Thinking in systems is like looking at a skeleton watch. Besides the minute hand and hour hand moving on the surface, you also see all the inner workings, how the wheels, springs, levers, etc all work together to move those hands. Those components are the system structure of the watch that produces its behavior-the minute hand makes one revolution every hour while the hour hand makes two revolutions every 24 hours. And these behaviors produce a series of events over time-tells you what’s the time now.

Let’s bring this into the stock market. Things that you see in the market-daily news eager to grab your attention, prices moving up and down, exchange rate movements etc, these are events, just like the watch telling you the time. Events capture our attention but they’re also not the most important. As Donella Meadows wrote:

“Systems fool us by presenting themselves-or we fool ourselves by seeing the world-as a series of events. The daily news tells of elections, battles, political agreements, disasters, stock market booms or busts. Events can be spectacular: crashes, assassinations, great victories, terrible tragedies. They hook our emotions. Like the tip of an iceberg rising above the water, events are the most visible aspect of a larger complex-but not always the most important.

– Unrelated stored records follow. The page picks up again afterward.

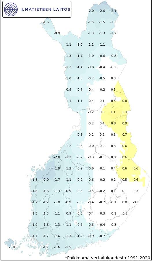 KESKILÄMPÖTILAN POIKKEAMA VERTAILUKAUDESTA 1991–2020
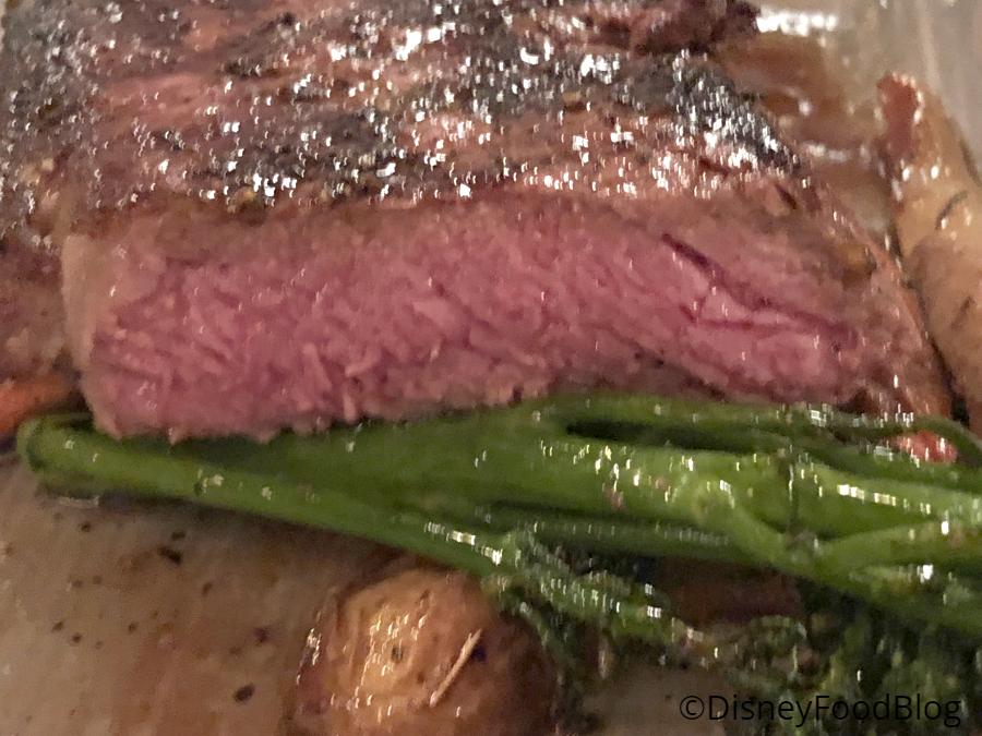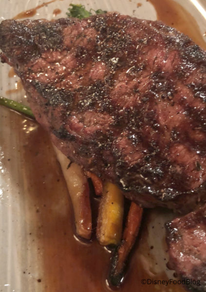 First up for entrees was Oak-Grilled Strip Steak served with Fire-Roasted Potatoes, Seasonal Vegetables, and Herb-Scented Beef Butter. On my visit, the seasonal vegetables included broccolini and carrots.
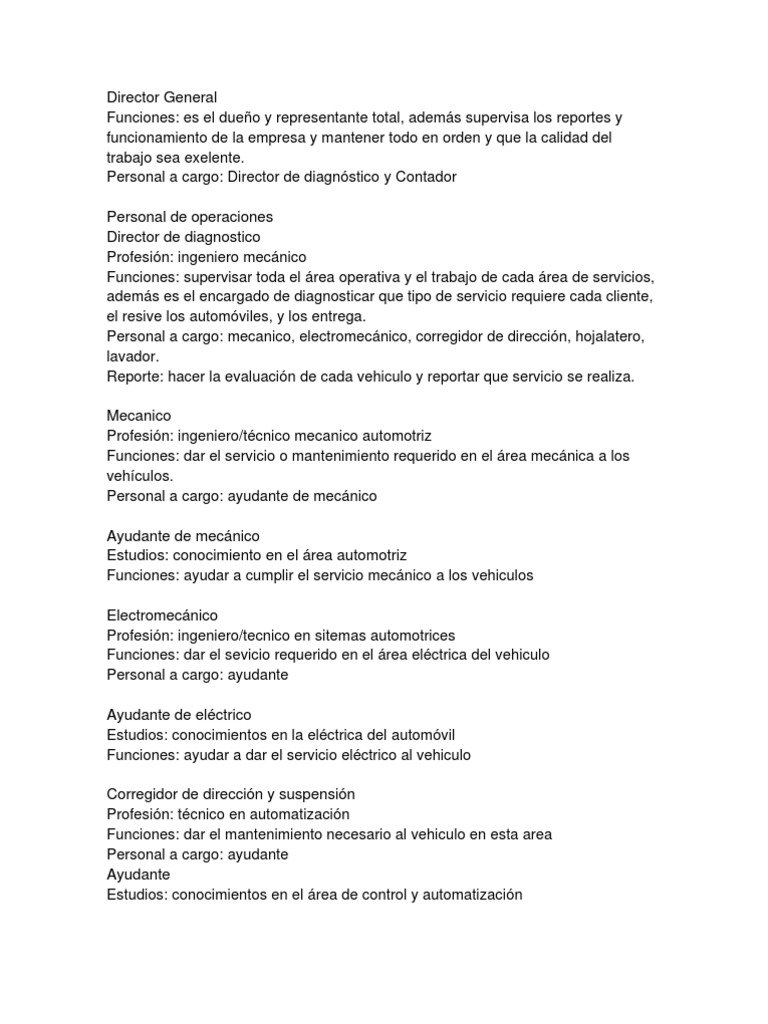 puestos y funciones coche

When a system thinker encounters a problem, the first thing he or she does is look for data, time graphs, the history of the system. That’s because long-term behavior provides clues to the underlying system structure. And structure is the key to understanding not just what is happening, but why.”

So when you can “see the world as a collection of feedback processes”, you’re less likely to get surprised or ask meaningless questions like “why did the market (or stock) go down?” And because the stock market is a complex system with many delayed feedback loops, being a system thinker also means you understand how a system structure produces system behavior, therefore you can anticipate or act early before a negative event occurs. As opposed to a linear thinker, which is terrible for an investor, you start to see things as a whole rather than breaking them into components, identify patterns rather than blaming or trying to fix the symptoms, and most important of all, you synthesize information instead of pure analysis.